Дыхание перехватило, слезы навернулись на глаза и высохли, не успев скатиться. И девушку было жалко, и себя. Такой уж я был тогда… Я тотчас поверил, что она умерла, — знал я это с той самой минуты, как в нашем доме зазвонил телефон. Боль потери нередко запаздывает — сначала надо ощутить возникшую вокруг тебя пустоту. Но сейчас эта боль нахлынула.
У меня вырвали часть души, и осталась нестерпимая боль в груди. Я не видел и не слышал Боброва. Эта боль пыталась поглотить меня, и, чтобы не утонуть в ней, я до крови прокусил нижнюю губу и лишь тогда всплыл на поверхность. Сделав над собой огромное усилие, я переключился на следователя.
— Почему вы не спрашиваете, где я был во время убийства? — осведомился я вибрирующим от напряжения голосом. Инспектор дожевывал третью по счету булочку.
— Пора прижать и-чу еще не настала? — Кажется, я перегнул палку, но в Гильдии не смолкают разговоры о противостоянии мирских властей и Истребителей Чудовищ. Большинство и-чу убеждены, что предстоят трудные времена.
Бобров посмотрел на стенографиста. Стенографист смотрел на инспектора.
— Последнюю фразу… — Инспектор не договорил.
— Это об алиби? — пропел пыльный стенографист на удивление тонким голосом.
— Правильно, — с облегчением произнес Бобров.
Они были довольны, что понимают друг друга с полуслова. Зато я не понял ни черта. Наконец инспектор соизволил ответить юному нахалу — то бишь мне:
— Вас никто не подозревает, молодой человек.
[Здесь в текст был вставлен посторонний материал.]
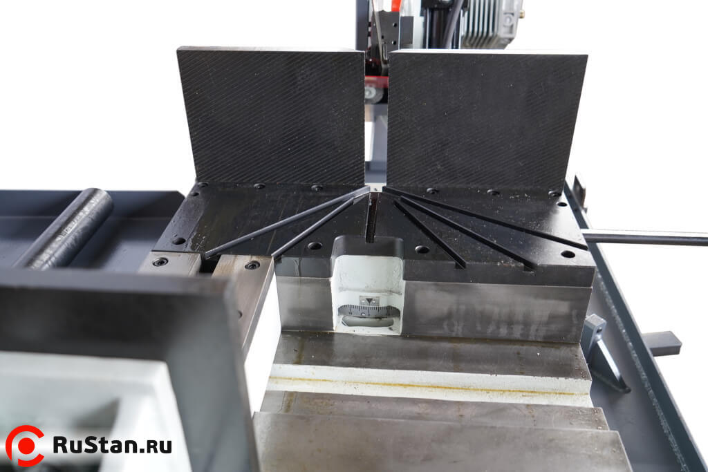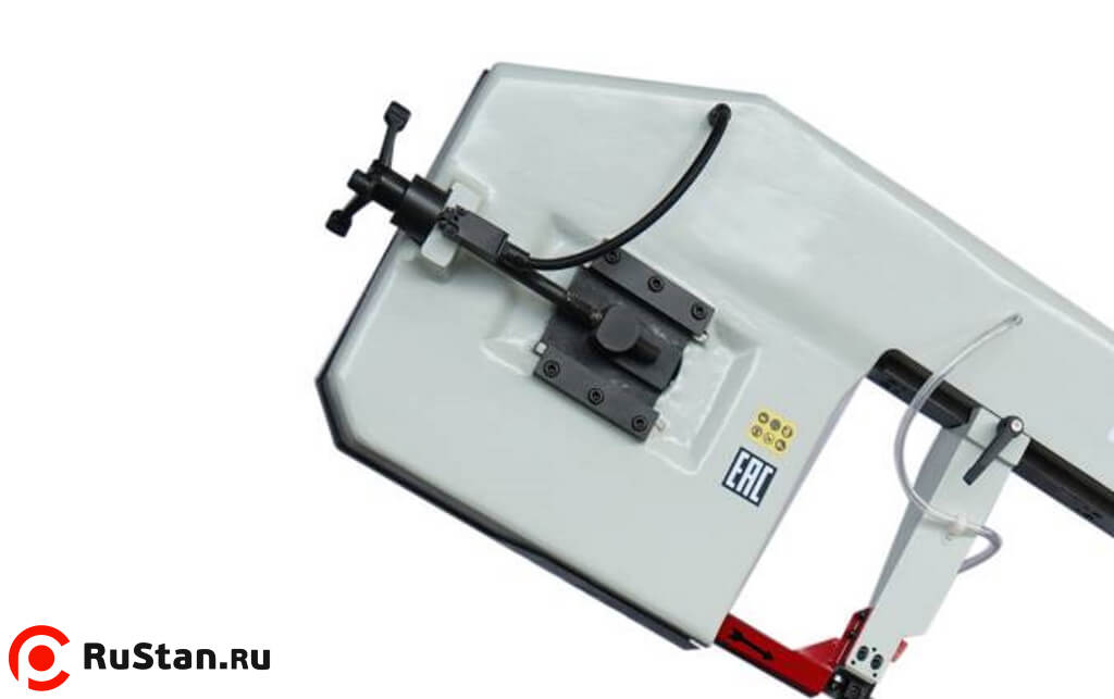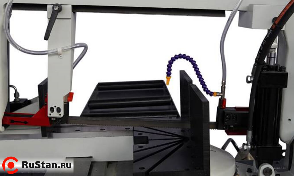 • Станок оснащен тисками с гидравлическим зажимом, а также рольгангом, который помогает распиливать длинные и массивные заготовки;

Повторяю: никто. — И вдруг заорал: — Хватит строить из себя жертву палачей-полицейских!
Я опешил. Что за истерика?
— С меня шкуру спустят, если за три дня не раскрою убийство! Из полицейского департамента уже звонили префекту. Ее троюродный брат — министр просвещения Моравии. Вы поняли? Министр! А следов — ни-ка-ких.
Плевать мне было, кто чей министр. Милена умерла! Девушка, которая могла сделать меня счастливым…
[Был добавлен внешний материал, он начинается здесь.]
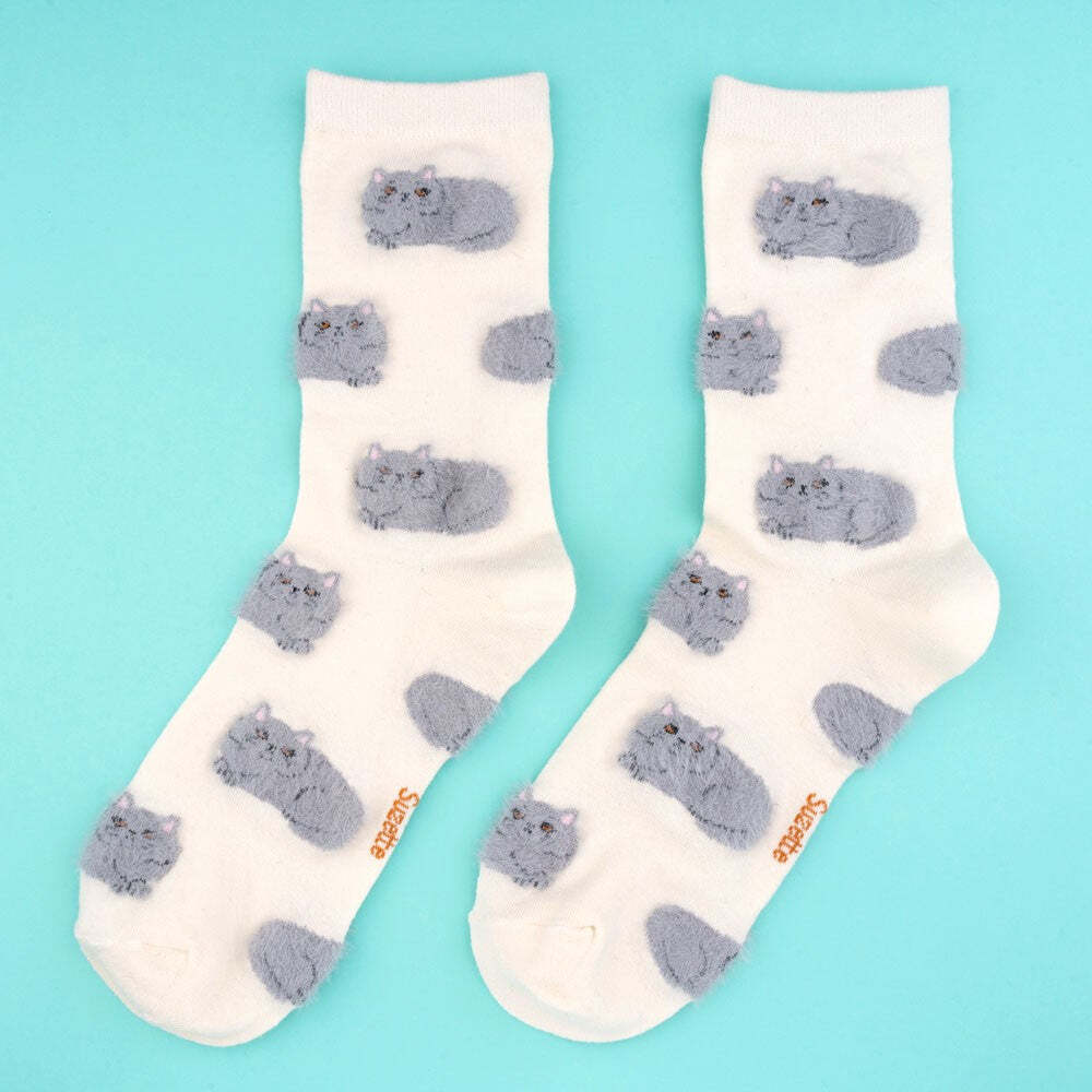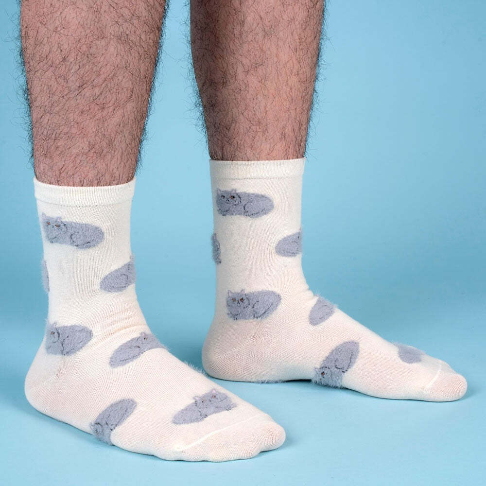Soft and cozy cotton Persian cat socks, covered in little kitties on a pale pink background. The detail we love: the fluffy fur on the cats making them look so real!

Что-то во мне оборвалось в то прохладное утро в кабинете следователя по особо важным делам. Понял я вдруг: с играми покончено, началась взрослая жизнь. И еще я решил: мое будущее — мое, и только мое, ни одной душе не позволю его подсмотреть. А потому руку свою больше никому для гадания не давал и глаза разглядывать не позволял.
— Я вам помогу, — произнес я веско и в эту секунду был очень горд собой. Я чувствовал себя мужчиной: ведь я был готов нарушить Устав Гильдии, который запрещает без разрешения Воеводы сотрудничать с мирскими властями.
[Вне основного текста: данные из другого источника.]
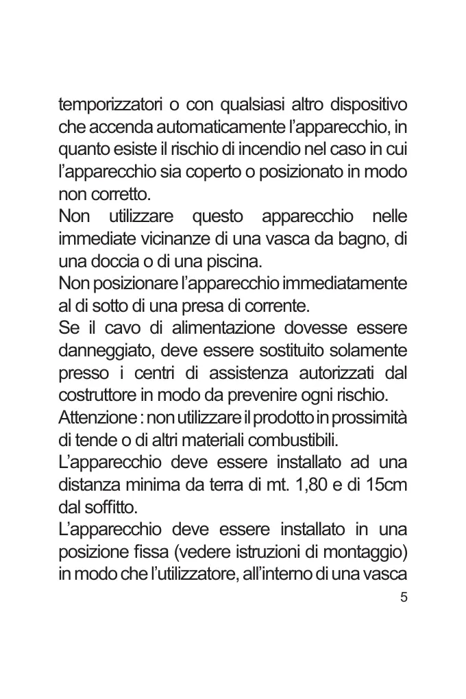 L’apparecchio deve essere installato ad una

— Вы понимаете, что говорите? Думаете, что ваш отец?.. Вы ляпаете глупость за глупостью, а я должен их слушать и черкать в протоколе.
— Я серьезно. Я…
Лицо инспектора зачерствело и стало похоже на маску. Голос тоже изменился. Теперь это был голос нашего учителя теологии, который то и дело — из-за нас, шалопаев, — впадал в ярость, но всякий раз удерживал себя в руках, не переходя на крик. Все свои клокочущие чувства ухитрялся передать одной лишь интонацией.
— Вам, Игорь Федорович, придется заниматься партизанщиной. Если вас застукает кто-нибудь из и-чу, исключения из Гильдии не избежать. Каковы бы ни были заслуги вашего папаши… Благородный порыв, я полагаю, начисто отшиб вам память.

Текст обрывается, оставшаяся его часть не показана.